Sternum cleft not only affects the aesthetic appearance, but also leads to destruction of thorax bone structure, resulting in opposing thoracic movements, and the mediastinum structure not effectively protected. Therefore, corrective surgery is necessary for patients with a cleft sternum to remove deformities, restore the bone-protected mediastinal structure, and set normal intrathoracic pressure [16]. Surgical correction of sternal cleft is the key treatment method, and it depends on the age of the patient. Regardless of whether there are clinical symptoms of sternal cleft, primary repair surgery must be done as soon as possible, ideally during the neonatal period because the sternum is more flexible then and the surgical techniques required are simple. Furthermore, the sternum fissure can be directly sutured in newborns within 1 month after birth. However, if corrective surgery is not performed during the neonatal period, as age increases, sternal cartilage ossification will cause sternal reconstruction to become complicated, and the requirements for surgical techniques are greatly increased, including sliding or rotating cartilage incision, sliding chondrotomy, partial or total thymectomy, clavicle dislocation, bone or cartilage graft insertion, and muscle flap insertion [17,18]. In older patients, the chest cavity is stiff and difficult to repair. Sliding chondrotomy and clavicle dislocation are effective and beneficial in elderly patients with chest wall stiffness because they increase chest wall compliance [19,20]. Partial or complete thymectomy is also sometimes required to reduce the risk of mediastinal compression during closure. If the sternal fissure is too wide or the risk of cardiovascular compression is too high, it can be closed with a prosthesis or bone graft [17,21]. Corrective surgery to reconstruct the thoracic structure must avoid compression of the heart and blood vessels.
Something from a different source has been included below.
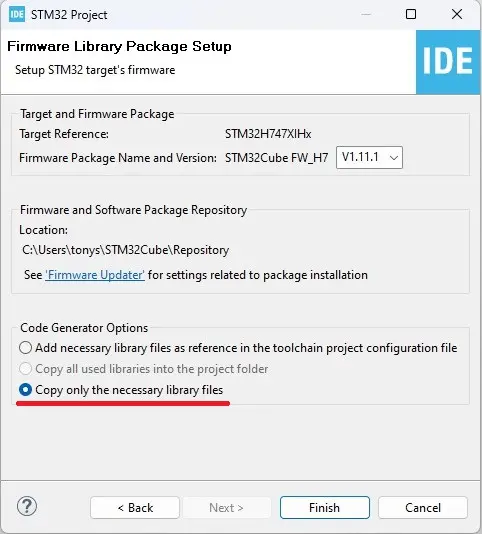 After installation, STM32CubeIDE might request additional downloads depending on the device series integrated into the project. When developing the firmware, an additional download for the H7 series of devices was required.

Consequently, timely diagnosis and corrective surgery can repair the thoracic structure and restore its protective function, achieving aesthetic effects.

Conclusions

Sternal cleft is a rare congenital disease that affects esthetics and can seriously endanger the patient’s life. Timely corrective surgery is very important for patients with congenital sternal cleft, preferably during the neonatal period. At present, the postpartum diagnosis of congenital sternal cleft mainly relies on imaging examinations including thoracic CT, 3D reconstruction CT, and MRI, but CT is usually not used for prenatal diagnosis because the radiation generated can affect normal fetal development. Ultrasound is currently the main prenatal diagnosis method for sternal clefts, but due to the limited resolution of ultrasound images, mild sternal clefts are not easily found. Although MRI is an effective prenatal method for sternal clefts, it cannot be used as a routine method for prenatal diagnosis due to its high cost and can only be used after the abnormality is detected by ultrasound. Thus, there is an urgent need for appropriate prenatal diagnostic methods that can detect mild microsternal clefts.